Material provided:

+++

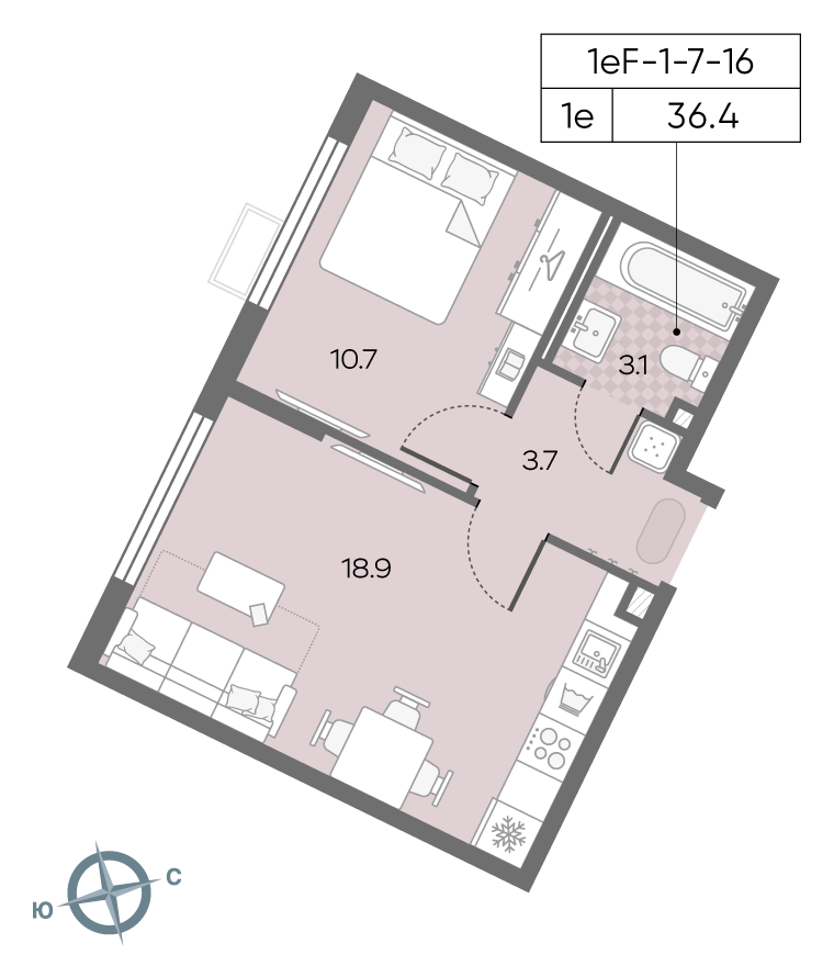 Общая площадь 36.4 м2
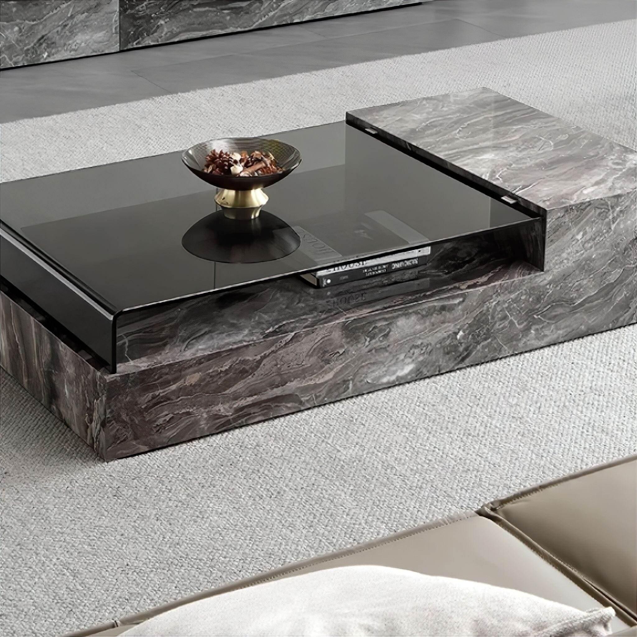 Designed with a unique glass top storage shelf, it provides the perfect spot for showcasing cherished decor items or conveniently storing everyday essentials. The striking contrast between the smooth marble and the sleek glass not only captivates the eye but also enhances the overall aesthetic of your home.
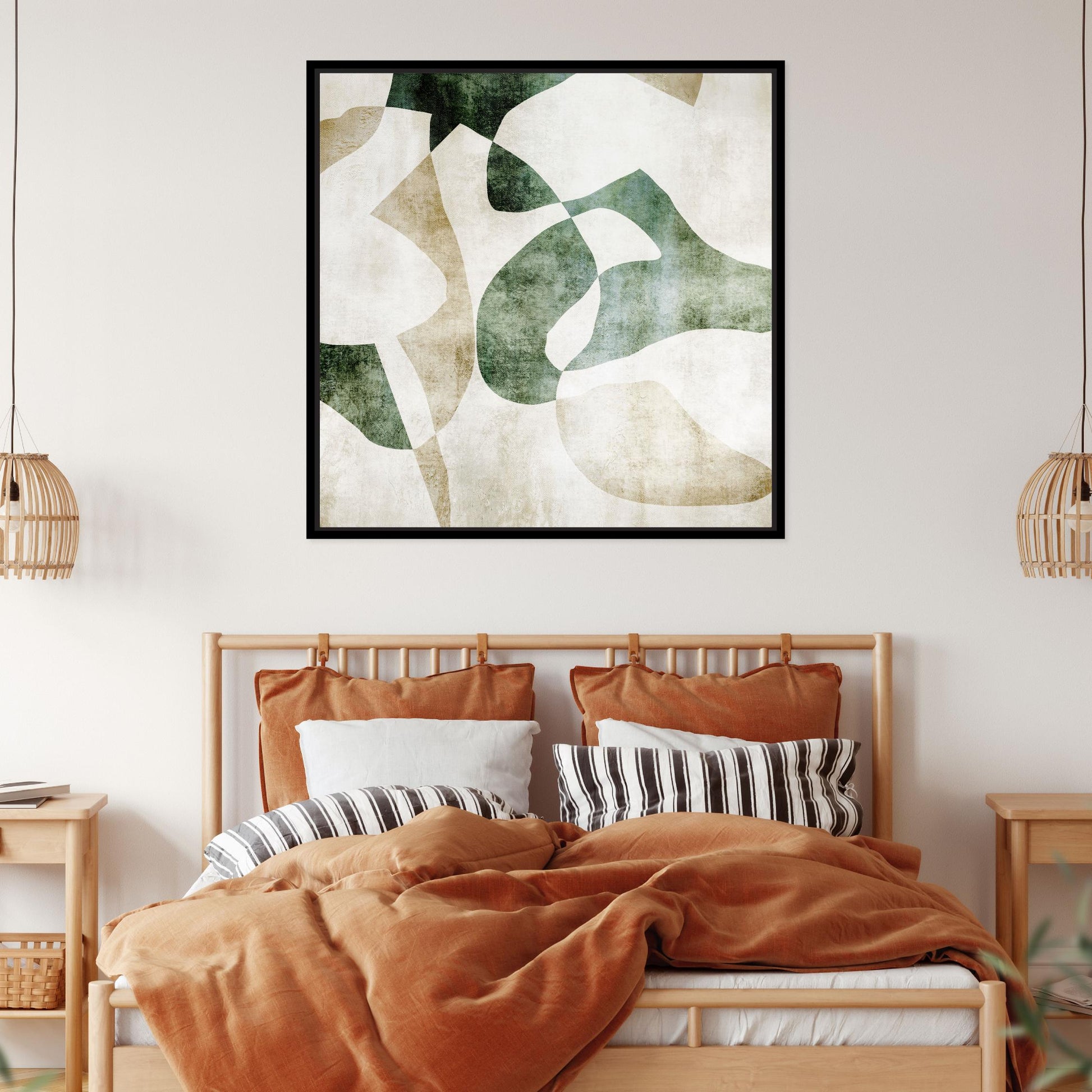Experience the essence of mid-century modern with ‘Soraya’– a captivating art piece adorned with flowing abstract forms in deep tonal greens and beiges, set against a backdrop of white and stone. Let ‘Soraya’ redefine your decor with its dynamic energy and harmonious balance of colour and form.
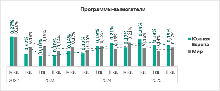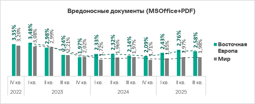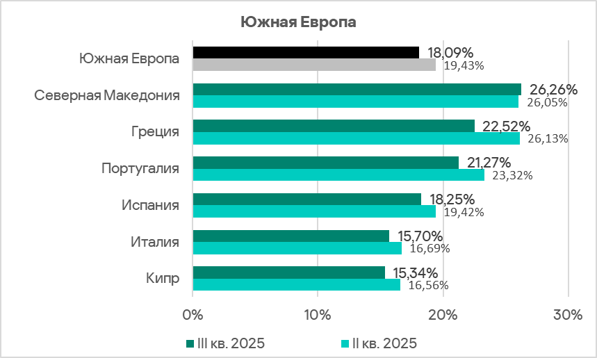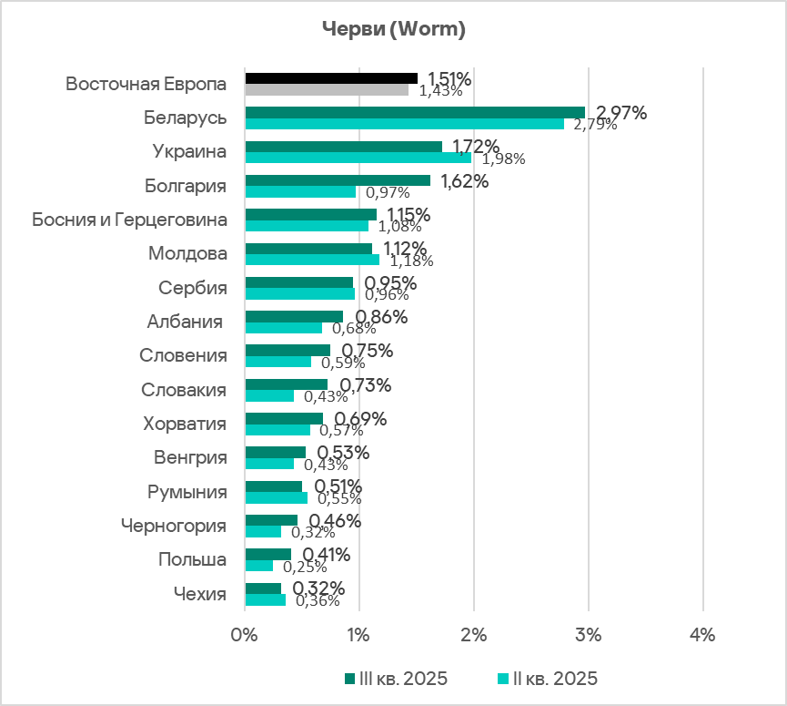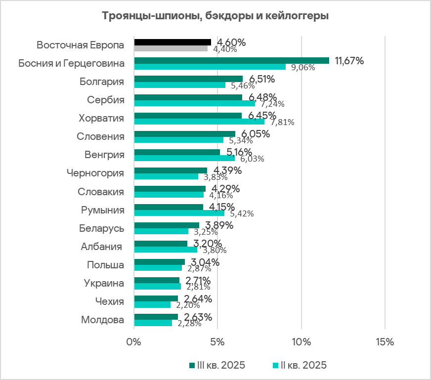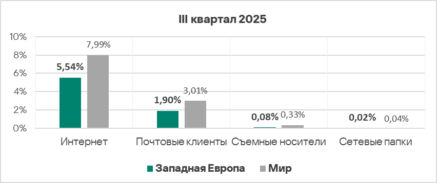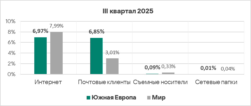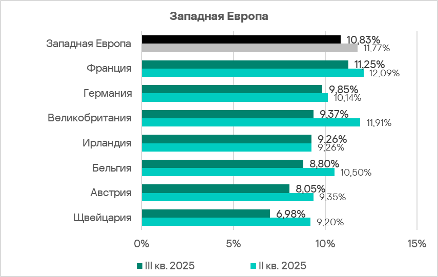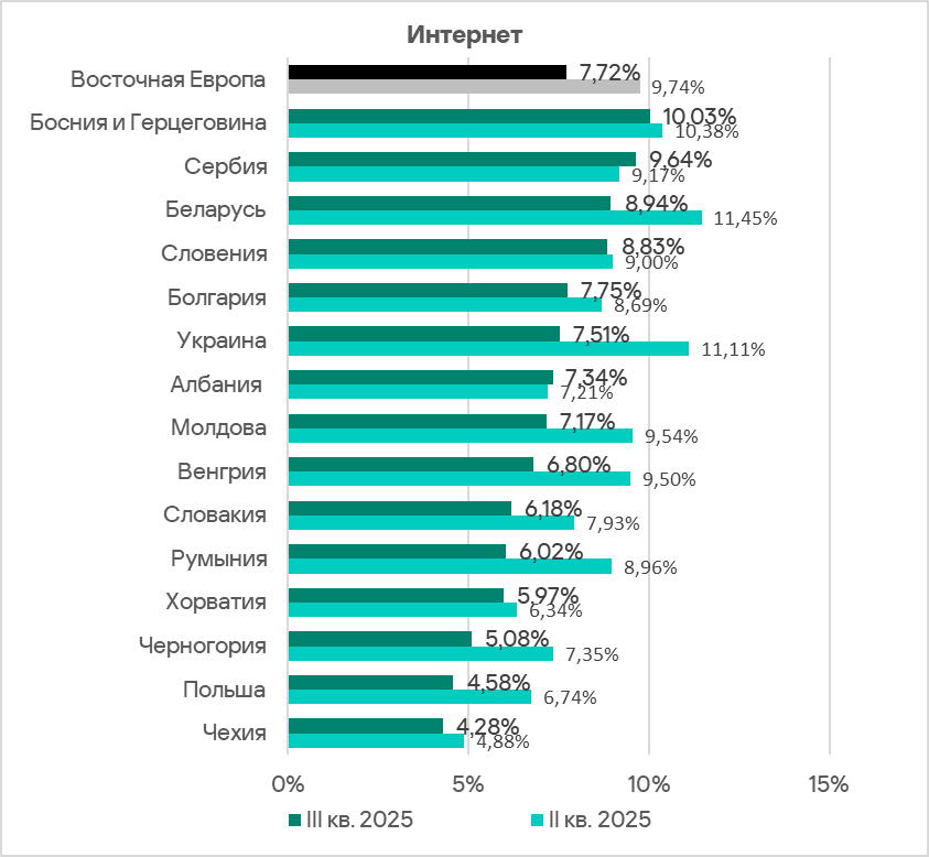 В третьем квартале 2025 года Восточная Европа заняла восьмое место в рейтинге регионов по доле компьютеров АСУ, на которых были заблокированы вредоносные объекты. Показатель Восточной Европы больше, чем в остальных европейских регионах.

+++

About this exercise: From the line containing "Experience the essence" to the last line of the listing above, transcribe each line exactly, skipping the pictures.

Worked solution:
Experience the essence of mid-century modern with ‘Soraya’– a captivating art piece adorned with flowing abstract forms in deep tonal greens and beiges, set against a backdrop of white and stone. Let ‘Soraya’ redefine your decor with its dynamic energy and harmonious balance of colour and form.
 В третьем квартале 2025 года Восточная Европа заняла восьмое место в рейтинге регионов по доле компьютеров АСУ, на которых были заблокированы вредоносные объекты. Показатель Восточной Европы больше, чем в остальных европейских регионах.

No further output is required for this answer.